I went through a long interview process for an Engineering Manager / Product & Platform type role at Enpal.
The process included several stages:
1. Initial hiring manager conversation
2. Additional engineering manager / peer-style conversations
3. Final onsite interview
4. Later re-contact for a different Senior Software Engineer-type role after the original process was closed
The people I spoke with were mostly friendly and professional, and I received several positive signals during the process. The conversations themselves were generally interesting and covered a broad mix of
technical, leadership, product, and culture topics.
The final onsite was quite extensive and included multiple parts:
- live coding
- system design
- product / business discussion
- culture and technical leadership discussion
Example topics/questions included:
- discussing management experience and expectations from a product manager partner
- solving a coding problem around maximizing profit from buy/sell prices, including complexity and API design considerations
- designing a 1:1 live chat system, including real-time delivery, message history, WebSocket/Kafka tradeoffs, and future attachment support
- discussing collaboration between data engineers and data scientists
- talking about metrics, SLI/SLOs, GDPR-aware data architecture, and cross-functional ownership
Overall, the interview content was relevant and reasonably senior. The issue was not the interviewers themselves, but the coordination and internal alignment around the role.
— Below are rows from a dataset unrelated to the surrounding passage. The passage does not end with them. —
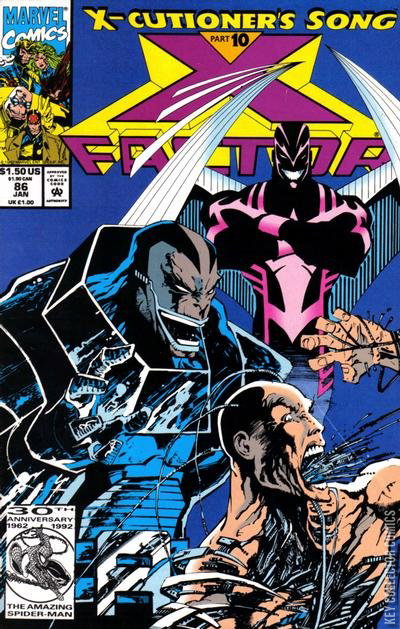 Continued from Uncanny X-Men #296. Cyclops and Jean Grey have escaped Stryfe's base and realize they're on the moon and can't breathe. Stryfe saves them.Wolverine, having received a psionic distress signal from Jean Grey, tells the X-Men and X-Factor that she and Cyclops are on the moon. Cable, Bishop, and Wolverine prep themselves to go to the moon on their own. Upon arrival at the base, they run into the Dark Riders and some of Stryfe's troops.Havok assembles a team of X-Men, Polaris, and Cannonball to go to the moon. Madrox lets Havok know the dupe that was watching the X-Patriots was missing. The dupe later awakens in the hospital. Havok chooses to lie to Valerie Cooper about the X-Patriots escaping.Archangel lets Apocalypse out of the cell he was being detained in to try and save...
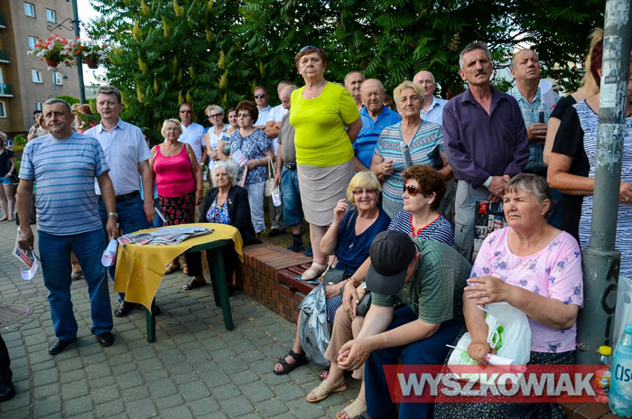 Beata Szydło rozpoczęła swoją wizytę w naszym mieście od spotkania w Zakładzie Doskonalenia Zawodowego ze strajkującymi niedawno pielęgniarkami. Tam witali ją także członkowie lokalnego PiS-. Bezpośrednio stamtąd tzw. szydłobusem sztab PiS pojechał na skwer przy fontannie, gdzie na kandydatkę na premiera oczekiwało wielu mieszkańców. To spotkanie bliźniaczo podobne było do tego z kwietnia tego roku, kiedy do Wyszkowa na plac przy ul. Sowińskiego dudobusem przybył ówczesny kandydat na prezydenta Andrzej Duda.
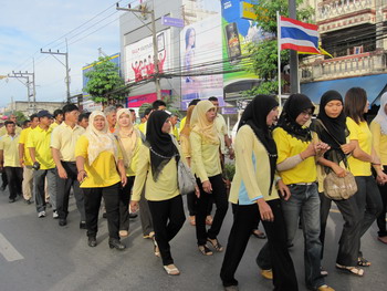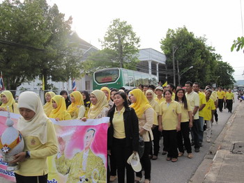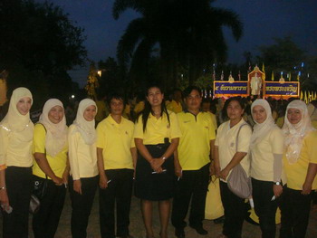นางสาววิภานันท์ พุทธนุกูล ผอ.กศน.อำเภอควนโดน และบุคลากร อำเภอควนโดน เดินเทิดพระเกียรติและร่วมพิธีจุดเทียนชัยถวายพระพรชัยและถวายราชสดุดีเฉลิมพระเกียรติพระบาทสมเด็จพระเจ้าอยู่หัว เนื่องในโอกาสมหามงคลเฉลิมพระชนมพรรษา 5 ธันวาคม 2555 เวลา 16.00 - 19.19 น. ณ สนามหน้าศาลากลางจังหวัดสตูล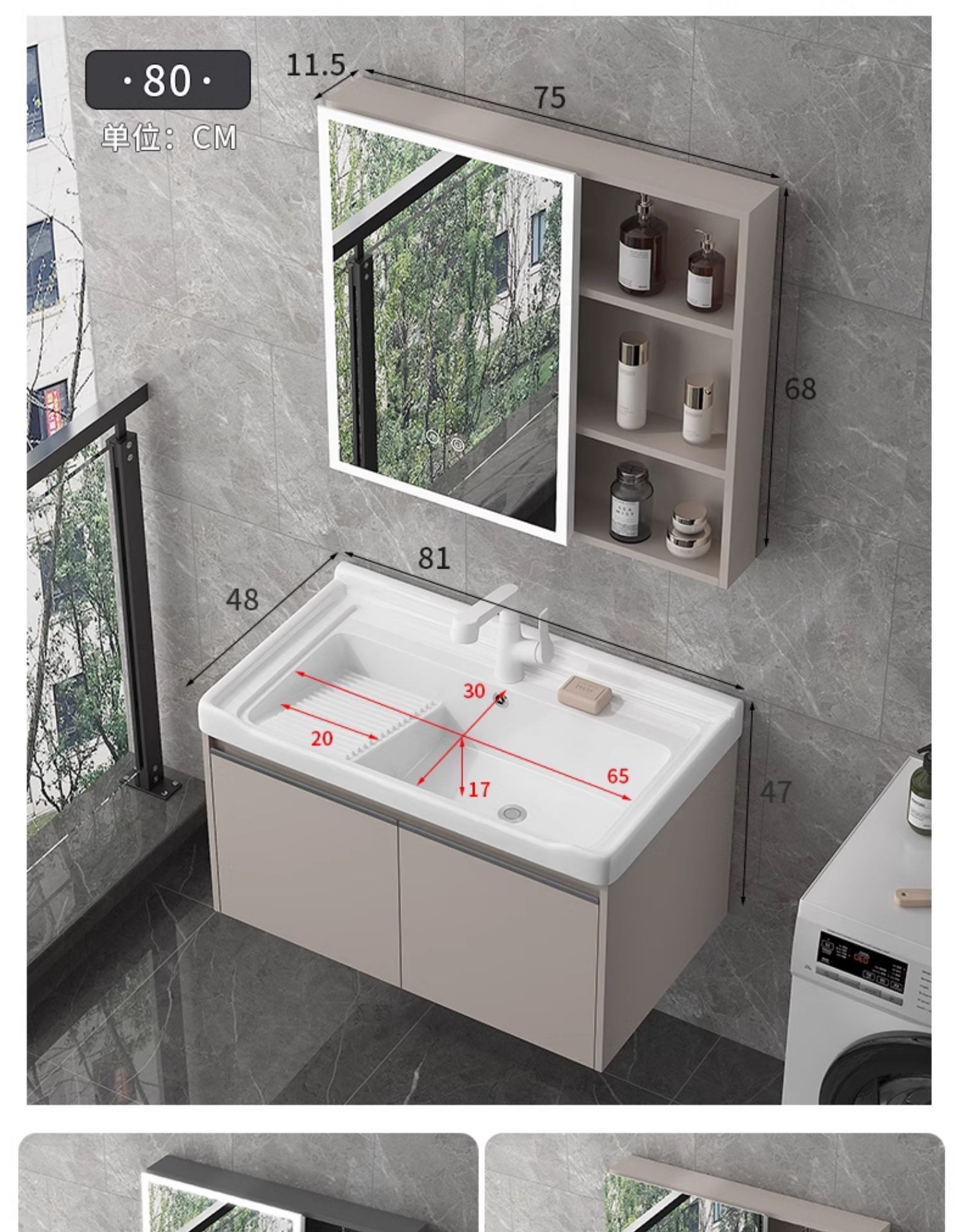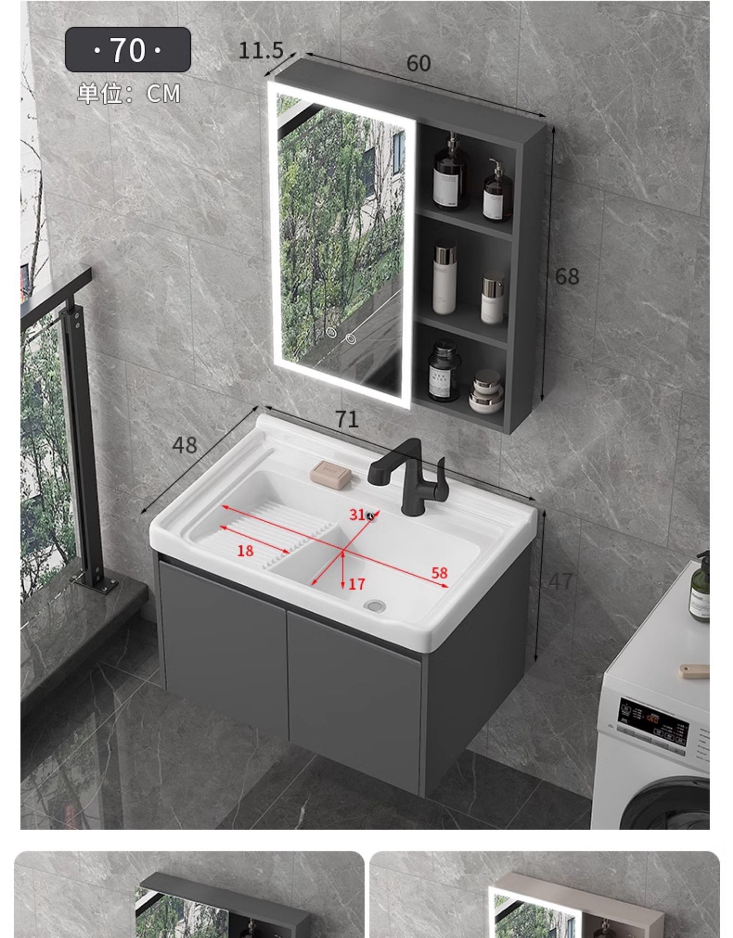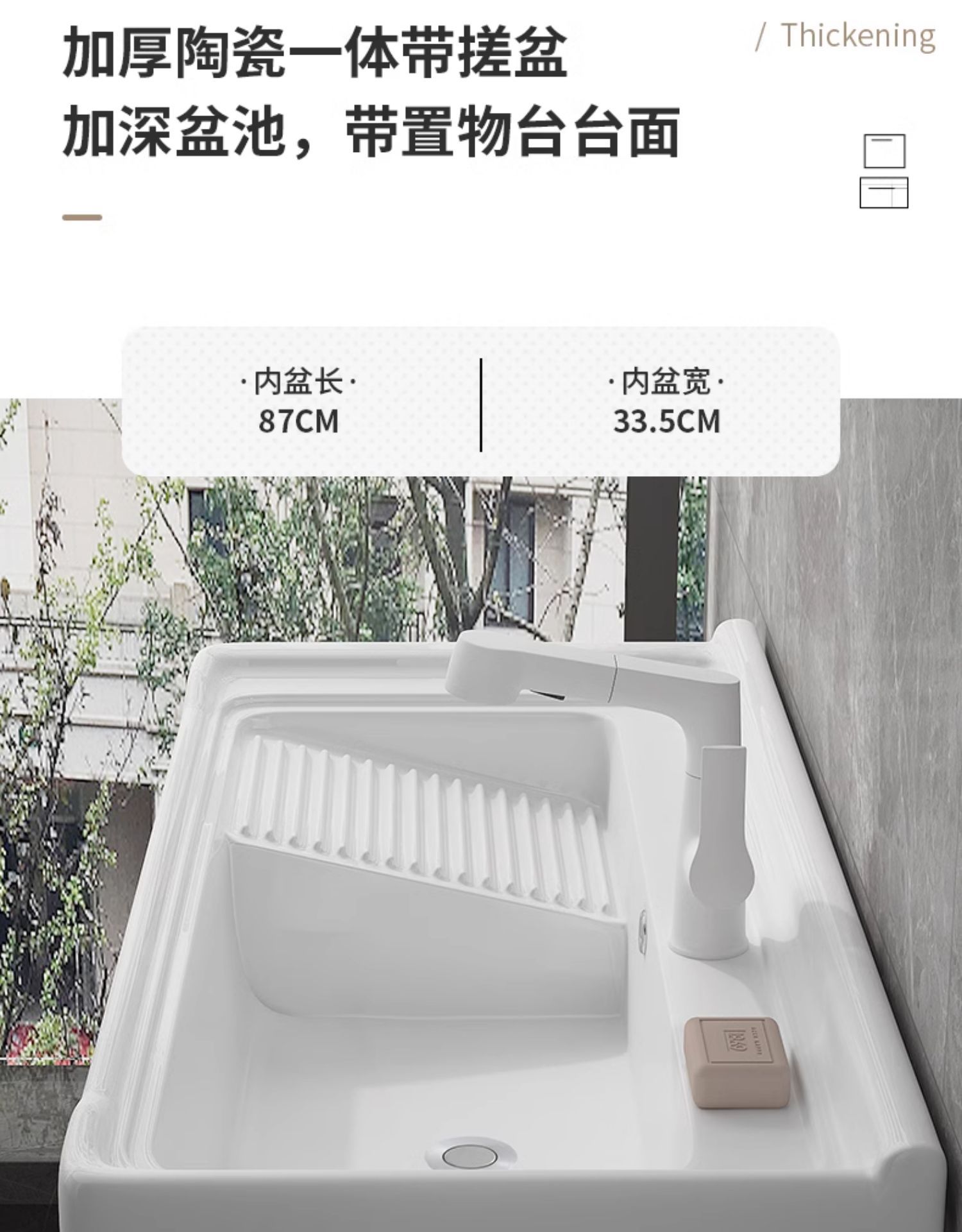 lavabo de lavandería de balcón tipo casa pequeña lavabo armario combinado con placa de fricción cerámica integrada lavabo de lavandería tipo colgante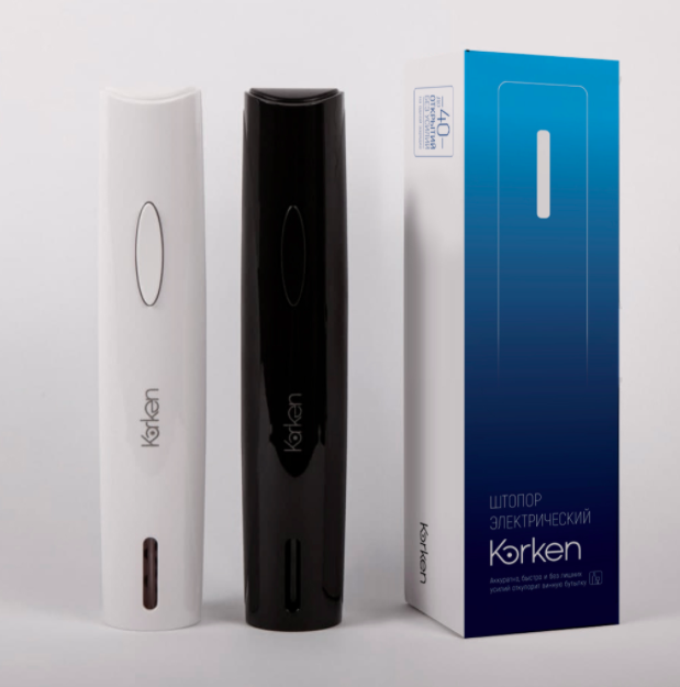 Электрический винный штопор Korken Futura YGO-903 является инновационным решением для открытия бутылки. Небольшой и стильный прибор в корпусе из ударопрочного пластика управляется всего одной кнопкой и может держаться одной рукой. Откупоривание бутылок электрическим штопором для вина практически не требует физических усилий, поэтому устройство идеально подойдет женщинам. На одном комплекте батареек прибор позволяет открыть до 30 бутылок.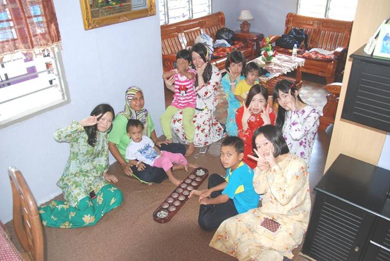 民族衣装をお借りしたり、遊びを教えていただきました。昨日より、ラマダン(断食月)に入り家族の方と一緒に食事はできませんでしたが、カレーの作り方を教えていただきおいしい食事をご馳走になりました。満足そうな表情でした。

After the final onsite, I had to wait about a week for the final decision. I was then told the company moved forward with another candidate who was a closer fit for that specific role, while also receiving
positive feedback about my technical and personal impression. That part was understandable.
What made the experience frustrating was what happened afterwards. Around three weeks later, Enpal contacted me again themselves about a different role. The message was not just a generic “let’s stay in touch”
conversation. I was told that they would like to make me an offer if I was open to considering an IC role instead of the Engineering Manager role.
I said that an IC role could be suitable for me, depending on scope, level, compensation, and growth path. We then discussed a Senior Software Engineer-type position, compensation expectations, and whether the
role could be adjusted toward a more senior / Staff-level path. This created the clear impression that there was a real alternative opportunity being explored and that an offer was being considered.
After that second conversation, I again had to wait about a week for a final decision. Eventually, the process was closed again after “final internal alignment” with the team.
My main feedback is that Enpal should clarify role scope, level, compensation range, hiring ownership, and internal direction before re-engaging candidates after a closed process, especially when the conversation
is framed around a potential offer. Reopening a process before those points are aligned creates unnecessary uncertainty and takes up significant candidate time and mental energy.
In short:
- Good people interactions
- Interesting and relevant interview topics
- Strong technical and leadership evaluation
- But weak process clarity, inconsistent role alignment, repeated waiting periods after final-stage discussions, and poor coordination after the original process was closed
- Most frustratingly, the process was reopened by Enpal with an offer-oriented conversation, only to be closed again after internal alignment
For senior candidates, especially those already in other active processes, this kind of uncertainty matters. A company should not re-engage a candidate for a new role, especially with offer-oriented language,
unless the role, level, scope, compensation range, and decision process are already internally clear.